Daytona Banking

You don’t need another countdown to Daytona, but perhaps a little more information about Daytona will help you appreciate it that much more when it does come. A large part of that is the banking.

Why Daytona is Fast

Daytona International Speedway gets its speed from two aspects of its configuration:

  • Large-radius turns
  • High banking

Banking helps a racecar turn. On a flat track, the tires have to do all the work. On a banked track, part of the force the track exerts on the car is to the left, which adds to the turning force of the tires.

You experience this same effect when you exit a highway. Banking (not quite as much as on a race track) helps fit the off ramp into a smaller space.

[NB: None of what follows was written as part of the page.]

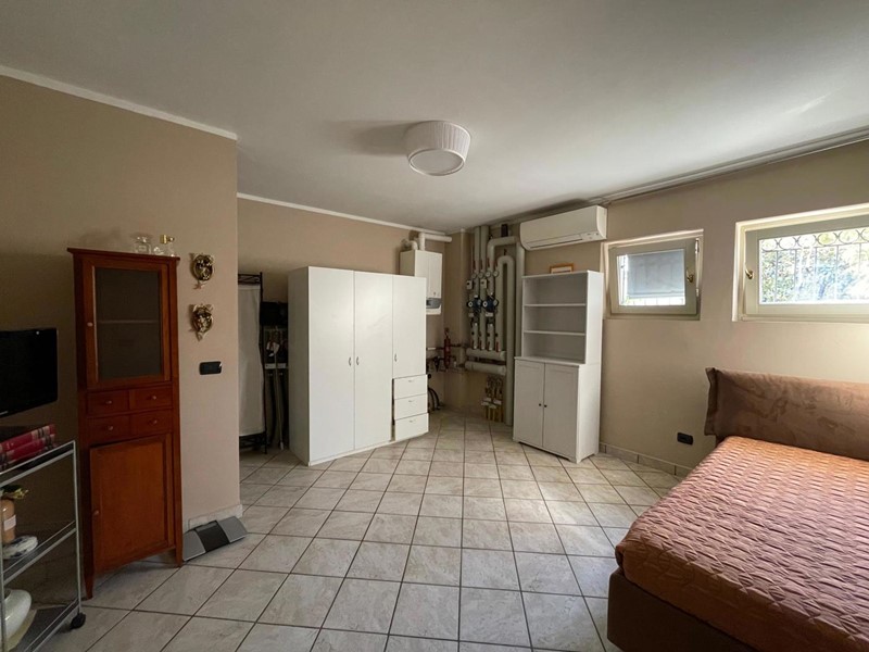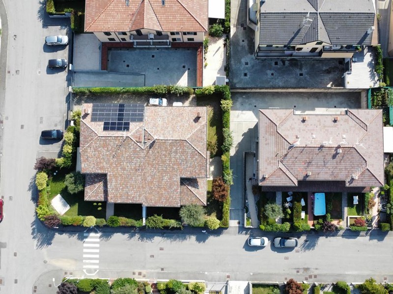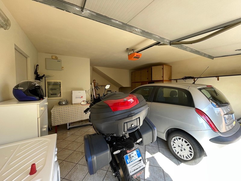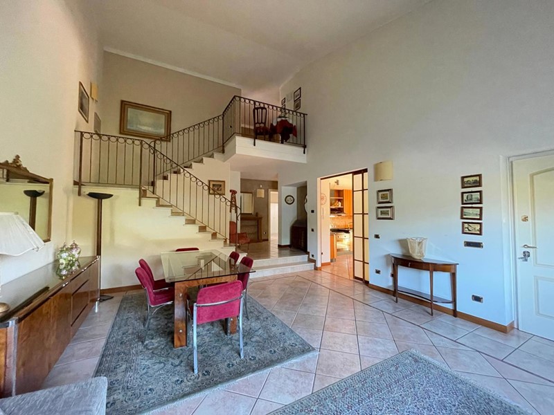 La soluzione di ca. 200mq si sviluppa su due livelli fuori terra ed è così composta: tramite porticato d'ingresso ideale per momenti di relax open air, si accede al soggiorno caratterizzato da ampie metrature ed importanti altezze. La porta scorrevole divide la cucina abitabile con apertura sul giardino ideale per pranzi e cene in quanto riparato da parasole motorizzato. A completare il piano terra, bagno di servizio al piano e locale lavanderia con accesso diretto tramite porta rei all'autorimessa di ca. 28mq.

The banking is so effective that you could take a corner at Daytona at 140 mph even if the track were completely covered in ice. Of course, you would have to get the car moving first…

The Trigonometry of Daytona Banking

Most tracks will give you the banking and the track width. From there, it’s just a little trig to figure out the rest.

The sine of an angle is just the ratio of the side opposite the angle to the track surface width (aka: the hypotenuse). The cosine is the ratio of the side next to the angle to the track surface width.

$latex \displaystyle \sin(\theta)= \frac{\text{opposite}}{\text{hypotenuse}}&s=3$

$latex \displaystyle \cos(\theta)= \frac{\text{adjacent}}{\text{hypotenuse}}&s=3$

Daytona has a banking of 31 degrees in the corners and a track width of 40 feet. Using opposite side = track width * sin(31), we find that the rise is about 20 feet. The run (adjacent side = track width * cos(31)) is about 34 feet.

In other words, the banking is such that, for every foot you go over, you go up a little more than six inches.

For comparison, the ‘banking’ of a typical stairway is between 30 and 35 degrees.

And just to give you something to compare it to, here’s me standing on the surface at Texas Motor Speedway, which is only 24 degrees.

A visual look at just how steeply banked 24 degrees is!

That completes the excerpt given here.